Did you hear the Jeremiah passage that Kim and Juan read at the advent lamp lighting? I have been turning that last phrase around in my mind all week. They will call the land “YHWH is our justice.” This advent season, that is a land I want to journey to: a land called “YHWH is our justice.” How do we get there? Can we get there in this beautiful tent/caravan? Is there room for all of us? Is that land a place, or a time, or an event? Is it a destination or is it the journey itself – this land called “YHWH is our justice.”

On Thursday evening Eric and I joined Saundra and Dwight (and 2,300 other people) at the National Cathedral. We were there to hear Yo Yo Ma play all six of the suites that Johann Sebastian Bach wrote for solo cello. Sometimes we get to hear Eric or Daniel Daughtry-Weiss play parts of these suites for prelude. But to play all six, all the way through, without an intermission? It is like running a marathon but without the pit stops or people handing you water as you run past.

Yo Yo Ma sat on the stage, one chair, on a platform usually filled with musicians or clergy. He played from memory, for two and a half hours. It was entrancing, inspiring, — and I thought, “Yo Yo Ma lives in the land called ‘YHWH is our justice.’” Yo Yo Ma knows the suites of Bach so well that he lives in them. And because he lives in the Bach Suites and loves living in them, he knows what a gift they are to the world and he shares that gift with others.

As much as Yo Yo Ma loves and lives in the Bach Suites, he knows that he and the Bach Suites are not the only gift to the world. At the end of the concert, after a rousing standing ovation, Yo Yo Ma called on to the stage, the Howard University Gospel Choir. Not every performer would step aside from so much adulation and allow 20 college students to take the stage, to finish the night out. But Yo Yo Ma must know something about living in the land of “YHWH is our justice.” He must know that when we live in that land, we recognize there are many gifts and many ways to share those gifts.

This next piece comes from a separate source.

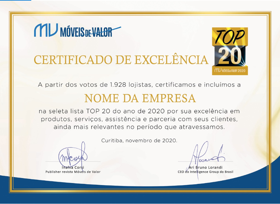 As vencedoras do TOP 20 de 2020 receberam da revista Móveis de Valor o Certificado de Excelência e passam a ter direito de usar em sua comunicação o Selo TOP 20, válido por um ano.

It took more than a moment for the audience to make the adjustment – from a solo instrument playing 17th century music to 20 voices singing music written 300 years later. The audience had come to hear the one and only Yo Yo Ma, we had come to hear Bach, tested, tried and true. And now here, late at night, we were given an encore by college students, singing gospel music? It may have taken a moment, but Yo Yo Ma led us to this land and because we trusted him, we entered the music too. We experienced beauty, perhaps we even  heard YHWH, in the song “Hold on, change is comin,” just as we heard that voice in the wordless cello suites.

So how do we get to this land, “YHWH is our justice?” Do we have to go to the National Cathedral or the Kennedy Center? Or am I mistaken when I say that I glimpsed the land of “YHWH is our justice” at the Cathedral; after all, the only people who were there were those who could afford to shell out big bucks to sit – all evening and some didn’t even stay for the whole thing. Maybe I am way off and an evening of music in the cathedral is not anything like what Jeremiah had in mind. But I’m sure I caught a glimpse. I felt a pull, breathed in hope, wept a tear for the land that I experienced and heard that night.

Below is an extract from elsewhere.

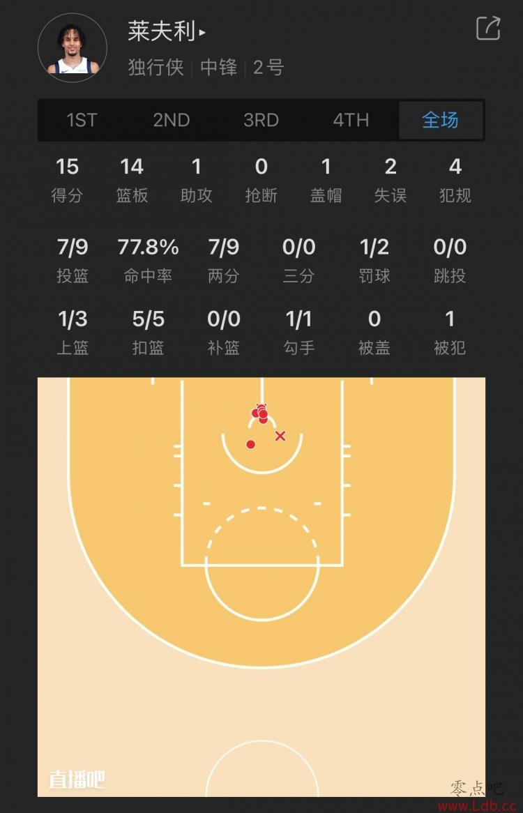 独行侠12号秀 莱夫利 出战32分钟

Jeremiah has his vision while in exile, in prison. What a wild imagination he must have to see a time when Israel and Judah are not at war with each other or the Assyrians or the Babylonians. The people are in exile and despair and Jeremiah sees that one day they will live in the land called “YHWH is our justice.”

Jump several centuries and the Romans claim Caesar is the king, the god in control. Luke’s apocalyptic description is part imagination and part lived experience: nations in anguish; the roaring of the seas; people dying of fright; the powers in the heavens shaken. And yet Jesus proclaims: The reign of God is near.

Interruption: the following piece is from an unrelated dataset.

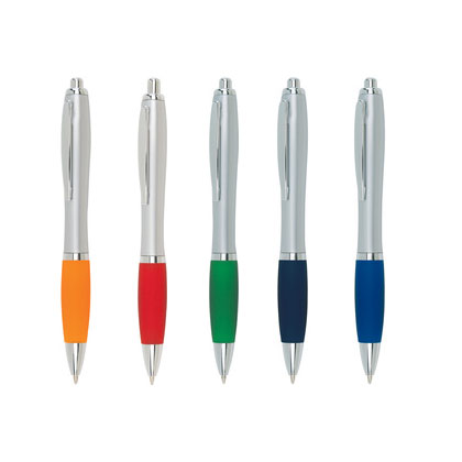Plástico. Cuerpo curvo, pulsador, clip y puntera color plata. Grip de goma de color. Retráctil. Tinta negra.

Though we may be able to buy our way into the Cathedral, we see the chaos of a country led by fear. We watch as the greed of a few leaves many struggling to survive. We hear words twisted so they no longer represent truth. As followers of the One who came proclaiming “the Reign of God is near,” we too look for ways to live in the land of “YHWH is our justice.” We may even dream big and believe that we can offer some hope to those who need it most, who feel as if they may never catch a glimpse of “YHWH is our justice” or the Reign of God.

It is not as easy as wishing it to be true. Yo Yo Ma did not just hope that he would be able to play the Bach Suites. He said Thursday evening that the first time he performed one of the Bach Suites he was five years old. His parents might have caught glimpses of that land when he was five but probably not everyone experienced “YHWH is our justice” when they heard him play. It took many years of practice, of devotion and dedication until his playing could help the rest of us catch a glimpse of that land.

The same is true for us; if we truly want to journey to that land, “YHWH is our justice,” we have to practice. It sounds like a destination and yet it is in the practice on the journey that we can experience that land.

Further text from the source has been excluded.